Businesses are Managing Costs. But Losing Control of How They Operate

South African businesses are under pressure.

Fuel costs have risen. Input costs have followed. Margins are tighter than they’ve been in years. Most organisations are responding as expected. Costs are being cut. Suppliers are being renegotiated. Operations are being adjusted to stay efficient.

On the surface, this looks like disciplined management. But something else is happening and it is far less visible. Businesses are not just managing cost pressure. They are quietly changing how they operate.

Consider what typically happens inside a business as cost pressure builds. A distribution company adjusts delivery routes to manage rising fuel costs. What used to be daily deliveries becomes three times a week. On paper, it reduces cost. In practice, stores begin holding more stock to compensate. Working capital increases. Cash becomes tighter, not because of sales but because inventory is sitting longer than planned. No one intended that outcome. But the decisions were never connected.

In another case, a manufacturer facing input cost pressure switches to a lower-cost supplier. Procurement achieves the saving. Production continues. But quality begins to vary. Rework increases. Returns follow. Margins are squeezed again, this time from the operational side. The saving still shows up in procurement. The loss shows up somewhere else.

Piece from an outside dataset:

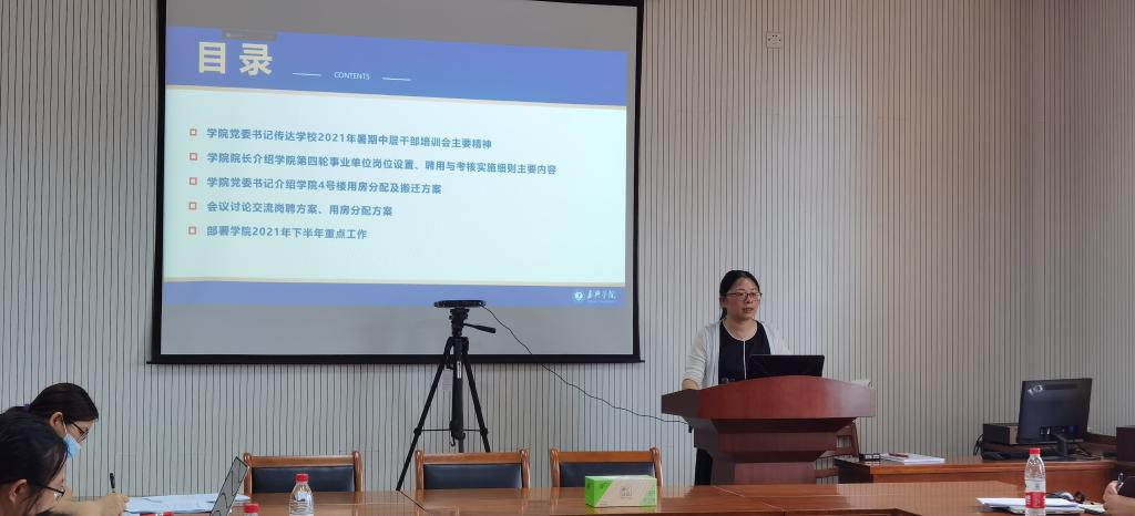 会上,杨丽娜首先传达了学校2021年暑期中层干部培训会主要精神,要求小黄书全体干部牢记校党委书记卢新波的讲话内容,做到严字当头、实字托底、新字开路,着力提升素质、增强本领、改进作风。院长曹雪波对小黄书第四轮事业单位岗位设置、聘用与考核实施细则的相关内容进行介绍。他对本轮聘岗文件的主要内容、小黄书年终分配方案及财务状况进行分析解读,探究原因,提出解决方案。参会人员围绕会议主题,讨论交流岗聘方案、用房分配方案,提出意见和建议。

Or consider a services business tightening payment cycles to protect cash flow. Finance pushes harder on collections. Customers respond by delaying orders or negotiating harder on terms. Revenue becomes less predictable. The business solves one problem and creates another.

None of these are failures. They are logical decisions made in isolation.

This is how misalignment affects performance. Not through a single event but through the interaction of multiple, disconnected decisions. Costs appear under control. But margins continue to erode. Operations continue to run. But performance becomes less predictable. Teams remain busy. But the same issues keep resurfacing in different forms.

This is what makes it difficult to diagnose. There is no single root cause. Only a system that is no longer operating as one.

A South African retail group recently described this dynamic in simple terms: “We’re hitting our targets in each department, but missing them as a business.” Procurement delivered savings. Operations met service levels. Finance managed cash. But the business as a whole underperformed. That is the outcome of misalignment. Not poor execution. Disconnected execution. The result is a business that still looks structured on paper but behaves very differently in practice. Processes are applied inconsistently. Controls are bypassed to keep things moving. Decisions are made outside of the usual frameworks. Not recklessly. But repeatedly.

Traditional management tools are not designed for this. Reporting tells you what has already happened. Audit tells you what has already gone wrong. Both assume a relatively stable operating model. They are far less effective when the model itself is shifting.

What is required now is not tighter control. It is the ability to see how the business is actually changing as decisions are made. Not in reports. In real time.

The problem is no longer cost. It is how the response to cost is playing out across the business. Where a supplier decision is affecting quality. Where a pricing decision is affecting demand. Where a cash decision is creating pressure somewhere else. Most businesses don’t see this clearly. They see the outcomes. They don’t see how those outcomes are being created. And that is why performance becomes harder to explain.

The organisations that stay ahead are able to do something very specific. They can point to what is driving performance,  as it is happening. It’s where systems like BarnOwl become critical. Not because they track risk. But because they make the business legible again. They bring decisions, issues and actions into one place, with clear ownership and live status. So leadership can see what is changing, where it is happening and what it is doing to the business. That changes the nature of control. From reacting to outcomes to understanding them and adjusting the system as it shifts. Because in the current environment, the greatest risk is not rising costs. It is a business that is changing faster than it is being understood. And once that gap opens, performance is no longer managed. It is explained. After the fact.